▶ [DATA SECTION]:
..........
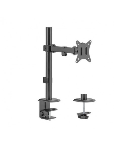 O suporte de monitor articulado EQUIP proporciona uma solução ergonómica e versátil para optimizar a sua configuração de trabalho. Compatível com a maioria dos monitores com tamanho de ecrã entre 17" e 32", este suporte permite ajustar a altura, a inclinação e a rotação do seu monitor, proporcionando conforto e flexibilidade durante longos períodos de utilização. Com uma capacidade de carga máxima de 9 kg, suporta a maioria dos monitores de tamanho médio a grande. Fabricado em metal e plástico de alta qualidade, na cor preta, este suporte combina durabilidade e um design discreto que se integra facilmente em qualquer ambiente. As dimensões compactas (308mm x 561mm x 116mm) tornam-no ideal para diversas configurações de trabalho, ocupando pouco espaço na sua secretária. É importante notar que este suporte não possui passa cabos nem compartimento porta-objetos.
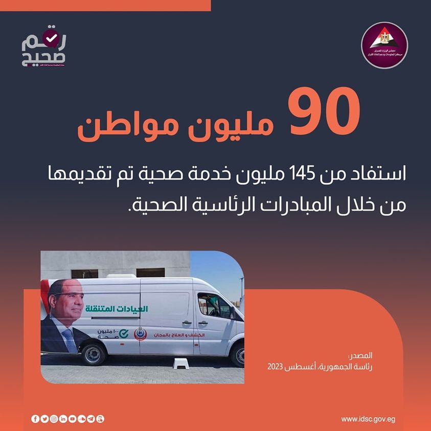 وأشار مركز المعلومات إلى أن 90 مليون مواطن استفاد من المبادرات الرئاسية، وذلك وفقًا لتوجيهات رئيس الجمهورية بأهمية صحة المواطن، وبالتعاون الكامل مع القطاع الخاص المحلي والأجنبي.
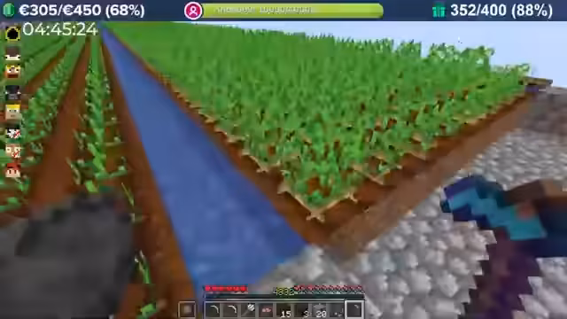 22:14:32Ein Spieler, 'Fuchsel', erleidet durch einen Unfall in Lava einen Totalverlust seiner Level und bricht daraufhin seine Farmaktivitäten ab. Dies führt zu einer Neuausrichtung der Gruppe. Die Farm wird nun weitergebaut, und es werden verschiedene Designs, wie die Verwendung von Falltüren, diskutiert, um den Ernte- und Abbauvorgang zu optimieren und angenehmer zu gestalten.
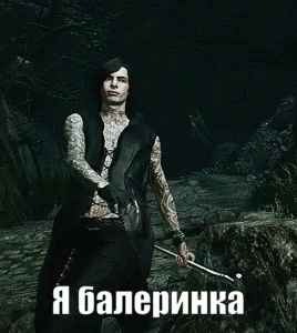 V from Dmc Devil May Cry strikes a pose with his cane, declaring 'I am a ballerina' in a dark setting.
..........
▶ [EXERCISE OBJECTIVE]: A faithful copy of the data is required: each word kept, each picture omitted.

▶ [WRITTEN ANSWER]:
 O suporte de monitor articulado EQUIP proporciona uma solução ergonómica e versátil para optimizar a sua configuração de trabalho. Compatível com a maioria dos monitores com tamanho de ecrã entre 17" e 32", este suporte permite ajustar a altura, a inclinação e a rotação do seu monitor, proporcionando conforto e flexibilidade durante longos períodos de utilização. Com uma capacidade de carga máxima de 9 kg, suporta a maioria dos monitores de tamanho médio a grande. Fabricado em metal e plástico de alta qualidade, na cor preta, este suporte combina durabilidade e um design discreto que se integra facilmente em qualquer ambiente. As dimensões compactas (308mm x 561mm x 116mm) tornam-no ideal para diversas configurações de trabalho, ocupando pouco espaço na sua secretária. É importante notar que este suporte não possui passa cabos nem compartimento porta-objetos.
 وأشار مركز المعلومات إلى أن 90 مليون مواطن استفاد من المبادرات الرئاسية، وذلك وفقًا لتوجيهات رئيس الجمهورية بأهمية صحة المواطن، وبالتعاون الكامل مع القطاع الخاص المحلي والأجنبي.
 22:14:32Ein Spieler, 'Fuchsel', erleidet durch einen Unfall in Lava einen Totalverlust seiner Level und bricht daraufhin seine Farmaktivitäten ab. Dies führt zu einer Neuausrichtung der Gruppe. Die Farm wird nun weitergebaut, und es werden verschiedene Designs, wie die Verwendung von Falltüren, diskutiert, um den Ernte- und Abbauvorgang zu optimieren und angenehmer zu gestalten.
 V from Dmc Devil May Cry strikes a pose with his cane, declaring 'I am a ballerina' in a dark setting.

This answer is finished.